After all, the material impact for nuclear is tiny compared to all other low carbon energy sources (see UNECE 2022, page 56 figure 46). It further more has the lowest lifecycle CO2 emissions score (idem, figure 37) and it emits no air pollution, where fossil fuels are killing millions of people each year.

“Ah! But you neglect to mention nuclear waste!” Well, let’s talk about waste, in a broader sense. Because all energy sources have waste streams. In aformentioned UNECE report we see, again, that nuclear has one of the lowest impact in lifecycle human toxicity, only beaten by smaller hydro installations and wind (figure 41). If we look at the carcinogenic potential, figure 42, it is only beaten by smaller hydro installations.

Why is this? Let’s quote the report:

The main contributing substance is arsenic (in ionic form), emitted to surface and groundwater, from coal extraction and treatment of hard coal ash at landfill. The next highest average is photovoltaic, poly-Si roof-mounted, with 14 CTUh/TWh, due to relatively high copper inputs, inducing arsenic ion emissions from the treatment of copper slag in landfills. The rest of technologies also emit small amounts of arsenic ion to water through the production of cast iron, ferronickel, and steel alloys.

This is talking about landfills, but also think about mining. The mining tailings of rare earths in China for example are severely polluting the environment, causing problems many generations down the line. Or, speaking about mining, how ‘sustainable’ is it that we have slavery, human traficking and child labour in many parts of the world, for example in mining our cobalt?

But yes, eventually all solar panels and wind turbines are only partly recycled and a lot ends up in a landfill. A recent research pointed out that we’ll have up to 160 kiloton of lead, tellurium and cadmium coming from PV panels in the environment by 2050. Possibly somewhere in the third world, so we in the West don’t really have to think about it too much, again. Mind you, this stuff will be toxic forever.

Contrast this with nuclear waste, which isn’t actually waste. Last year WePlanet published the report What a waste where the point was hammered in that spent nuclear fuel actually contains up to 96% of the energy, which we just discard. What a waste indeed! Fast breeders can make good use of that ‘waste’, powering some countries having these stockpiles for centuries. Imagine that, no more mining, complete energy independence, leaving no waste.

No waste at all? Well, some waste is left, the so called short lived isotopes. This group of radioactive elements has short half-lives and are what makes spent nuclear fuel dangerous as it means they’re highly radioactive. However, the longest half lives of the bunch, caesium-137 and strontium-90, is about 30 years. After ten half-lives their radioactivity has dropped to background levels. So that’s 300 years. Can we store something safely for 300 years? Sure!

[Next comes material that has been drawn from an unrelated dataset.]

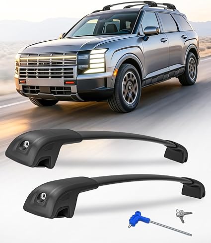 The lockable design enhances security against theft, ensuring your items stay safe during stops. With a generous load capacity of up to 300 pounds, they accommodate a wide array of gear such as bikes, kayaks, roof boxes, or sporting equipment. Installation is straightforward, requiring just a screwdriver, without the need for drilling, and the design ensures a perfect fit for Palisade models from 2019 to

With the development of molten salt reactors, we actually get into the territory of completely recycling even these short-lived isotopes, see for example this paper from last year. If we reach that level, we can reuse pretty much any isotope for medical, industrial or even household appliant use (like smoke detectors). There would virtually be no waste left at the end. Finland is about to officially open the first deep geological repository in the world. It might be the only one we’ll ever really need.

So yes, nuclear energy is, at every stage of its lifecycle, the most sustainable energy form we have for the foreseeable future. We better start (re)appropriating this to our cause.